O deputado federal Jean Willys (PSOL-RJ) e o professor em Relações Internacionais da Universidade Federal do ABC, Gilberto Maringoni debatem a questão da crise na Venezuela.



A esquerda não pode apoiar Maduro - por Jean Willys, 31.07.2017, no Facebook

A situação da Venezuela é catastrófica, uma verdadeira tragédia humanitária.

A ditadura de Nicolás Maduro, cada dia mais descontrolada e sem limites, reprime as manifestações com uma violência inusitada, cercea as liberdades públicas e avança sobre os outros poderes, eliminando os poucos resquícios de institucionalidade que ainda restam no país.

Ontem, na eleição sem participação da oposição para uma Assembleia Constituinte considerada ilegal pelo parlamento e pela própria procuradora-geral da República (nomeada por Hugo Chavez), por volta de 90% da população decidiu não votar.

E a resposta do governo foi “maquiar” os resultados depois de horas sem saber o que dizer, mentir ao mundo e ameaçar com um processo de cassação contra a procuradora e com enviar os deputados da oposição para a cadeia!!

Enquanto isso, nas ruas, a repressão estatal e paraestatal provocou mais de dez novas mortes.

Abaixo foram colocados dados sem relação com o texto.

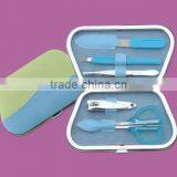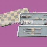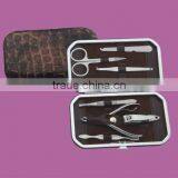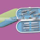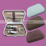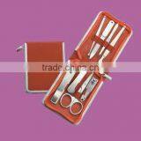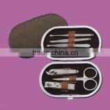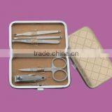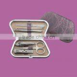 1.Material:including stainless steel nail file,electroplating tweezer,ear cleaner,nail clipper and eyebrow scissors and so on ,packed in PU leather case.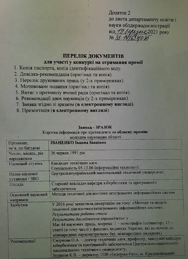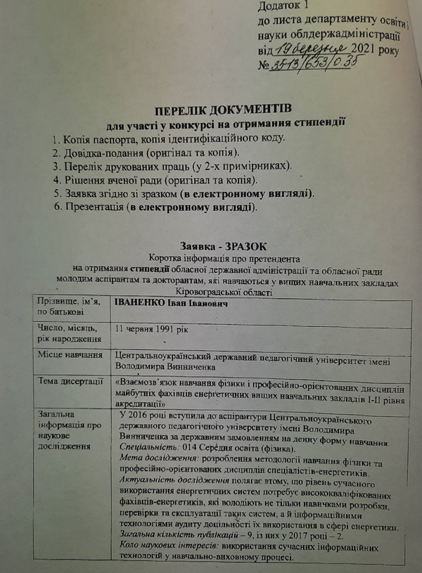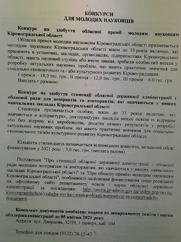 Кіровоградська обласна державна адміністрація оголосила щорічний конкурс на здобуття обласної премії молодим науковцям Кіровоградської області та стипендії обласної державної адміністрації і обласної ради для аспірантів та докторантів, які навчаються у закладах вищої освіти Кіровоградської області.

Desde o início dos protestos contra Maduro, já são mais de cem pessoas assassinadas, a maioria jovens.

A “constituinte” de Maduro é a última loucura de um regime que está podre há tempos. Foi convocada pelo presidente sem a aprovação do Congresso, sem a consulta à população e com um bizarro sistema eleitoral que garantia que, mesmo que a oposição participasse da eleição e tivesse muitos mais votos que o oficialismo, o partido do presidente teria uma ampla maioria na assembleia constituinte.

Ou seja, era um jogo de cartas marcadas. O objetivo era substituir o atual parlamento, com maioria da oposição, que venceu por ampla maioria as últimas eleições que Maduro permitiu, porque as seguintes foram suspensas.

Foi por isso que a imensa maioria da população não foi votar ontem nessa farsa de eleição com partido único, apesar das ameaças do governo contra servidores públicos e beneficiários de programas sociais.

Enquanto a maioria dos centros de votação estavam vazios, a polícia e as milícias do governo (os “coletivos” que patrulham as ruas em motos e fortemente armados) reprimiam brutalmente os protestos cidadãos.

Há muitos anos que eu digo que o governo venezuelano é indefensável. Comecei a falar isso quando a maioria da esquerda brasileira (inclusive a maioria do meu partido) defendia Nicolás Maduro.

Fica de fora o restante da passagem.